WHAT YOU HAVE TO DO:
Repeat every record below exactly, leaving out the pictures.
==== SOURCE MATERIAL ====
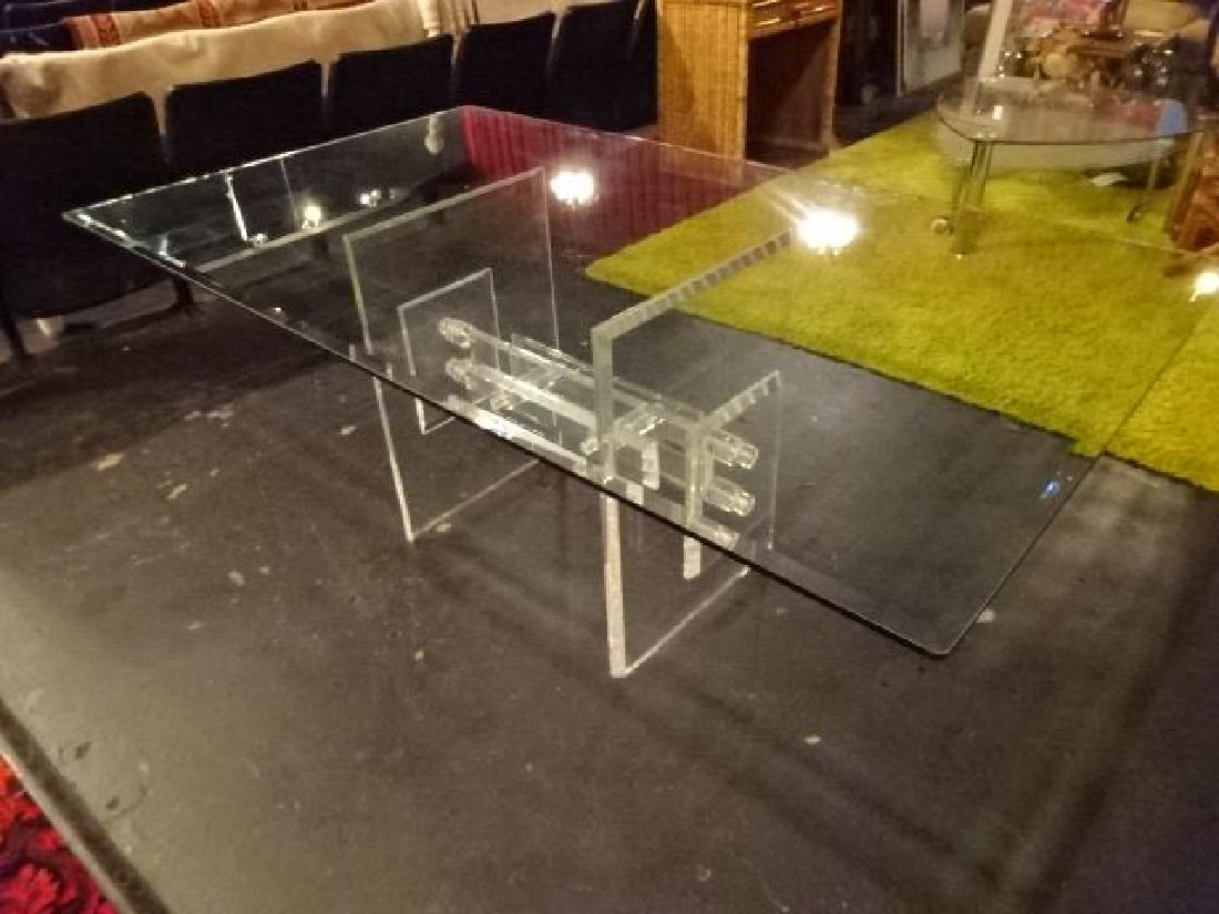 LUCITE DINING TABLE, CLEAR LUCITE PANELS JOINED BY STRE
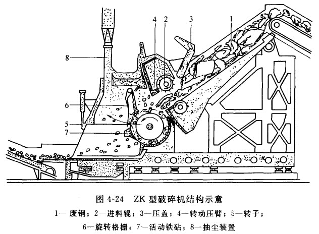 左下方設(shè)有活動鐵砧,可以調(diào)節(jié)轉(zhuǎn)于錘頭勺砧之間的間隙,從而獲得預(yù)期尺寸的破碎鋼片。旋轉(zhuǎn)格柵起到篩和不可破碎物排放門的雙重作用。③轉(zhuǎn)于的旋轉(zhuǎn)方向嶼供料方向一致,物料進入破碎機后,首先是保持在破碎腔上方。可破碎物進入轉(zhuǎn)子與砧之間后被擊破撕裂成小塊,不可破碎物(重型廢鋼)將在轉(zhuǎn)于的驅(qū)動廠撞向活動格柵,使其向后轉(zhuǎn)動,從而離開了破碎機。這是ZK型破碎機的最大特點。ZK型破碎機結(jié)構(gòu)如圖4-24所示,其功率與生產(chǎn)能力如表4-6所示。
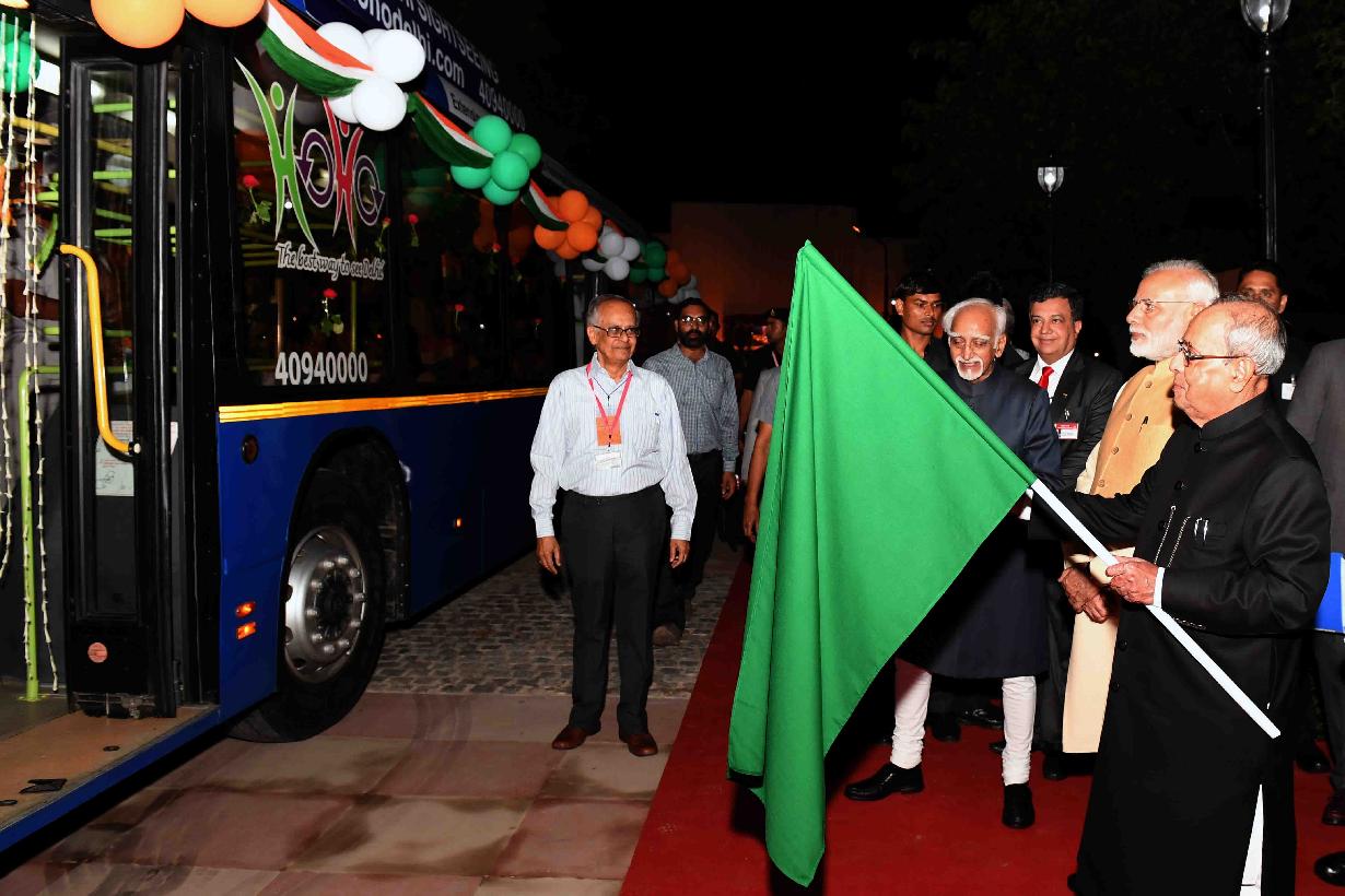 | Caption: | The President of India, Shri Pranab Mukherjee flagging off the Ho Ho bus in the presence of the Vice President of India, Shri M. Hamid Ansari and the Prime Minister of India, Shri Narendra Modi, at the inauguration of Phase-II of the Rashtrapati Bhavan Museum, in New Delhi on July 25, 2016. |
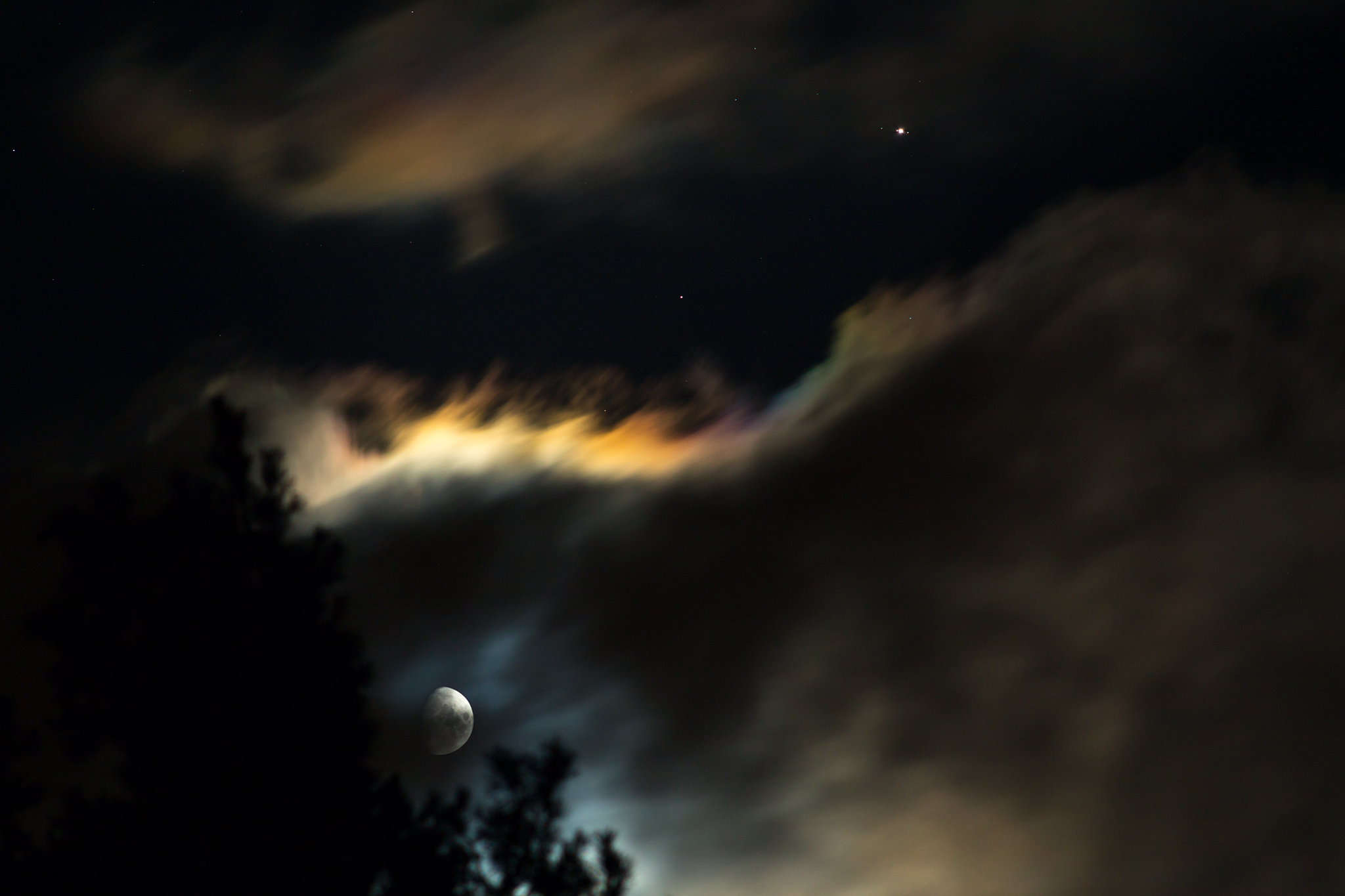 Mond und Jupiter mit 5,7 Grad Abstand inmitten irisierendem Stratocumulus. Der helle Stern zwischen Mond und Jupiter ist Deneb Algedi (+ 2.854 mag) oder Delta Capricornus. Auch drei von Jupiters Monden sind zu erkennen (v.l.n.r.): Kallisto, Ganymed und Europa. Io steht zu dicht am rechten Rand des Jupiter und ist nicht sichtbar.
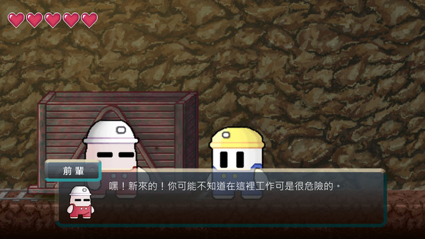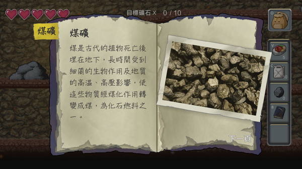 我們在遊戲畫風上使用偏向Q版元素與像素風格,減少玩家因在礦坑陰暗的環境中造成的恐懼感,劇情中帶入礦工生活與歷史,用輕鬆又帶著緊張感的遊戲機制,帶玩家透過遊戲中的打擊怪物、挖掘礦石過程,體驗主角做為礦工可能會遇見的新奇事件或是意外事故。
====
WRITTEN ANSWER:
 LUCITE DINING TABLE, CLEAR LUCITE PANELS JOINED BY STRE
 左下方設(shè)有活動鐵砧,可以調(diào)節(jié)轉(zhuǎn)于錘頭勺砧之間的間隙,從而獲得預(yù)期尺寸的破碎鋼片。旋轉(zhuǎn)格柵起到篩和不可破碎物排放門的雙重作用。③轉(zhuǎn)于的旋轉(zhuǎn)方向嶼供料方向一致,物料進入破碎機后,首先是保持在破碎腔上方。可破碎物進入轉(zhuǎn)子與砧之間后被擊破撕裂成小塊,不可破碎物(重型廢鋼)將在轉(zhuǎn)于的驅(qū)動廠撞向活動格柵,使其向后轉(zhuǎn)動,從而離開了破碎機。這是ZK型破碎機的最大特點。ZK型破碎機結(jié)構(gòu)如圖4-24所示,其功率與生產(chǎn)能力如表4-6所示。
 | Caption: | The President of India, Shri Pranab Mukherjee flagging off the Ho Ho bus in the presence of the Vice President of India, Shri M. Hamid Ansari and the Prime Minister of India, Shri Narendra Modi, at the inauguration of Phase-II of the Rashtrapati Bhavan Museum, in New Delhi on July 25, 2016. |
 Mond und Jupiter mit 5,7 Grad Abstand inmitten irisierendem Stratocumulus. Der helle Stern zwischen Mond und Jupiter ist Deneb Algedi (+ 2.854 mag) oder Delta Capricornus. Auch drei von Jupiters Monden sind zu erkennen (v.l.n.r.): Kallisto, Ganymed und Europa. Io steht zu dicht am rechten Rand des Jupiter und ist nicht sichtbar.
 我們在遊戲畫風上使用偏向Q版元素與像素風格,減少玩家因在礦坑陰暗的環境中造成的恐懼感,劇情中帶入礦工生活與歷史,用輕鬆又帶著緊張感的遊戲機制,帶玩家透過遊戲中的打擊怪物、挖掘礦石過程,體驗主角做為礦工可能會遇見的新奇事件或是意外事故。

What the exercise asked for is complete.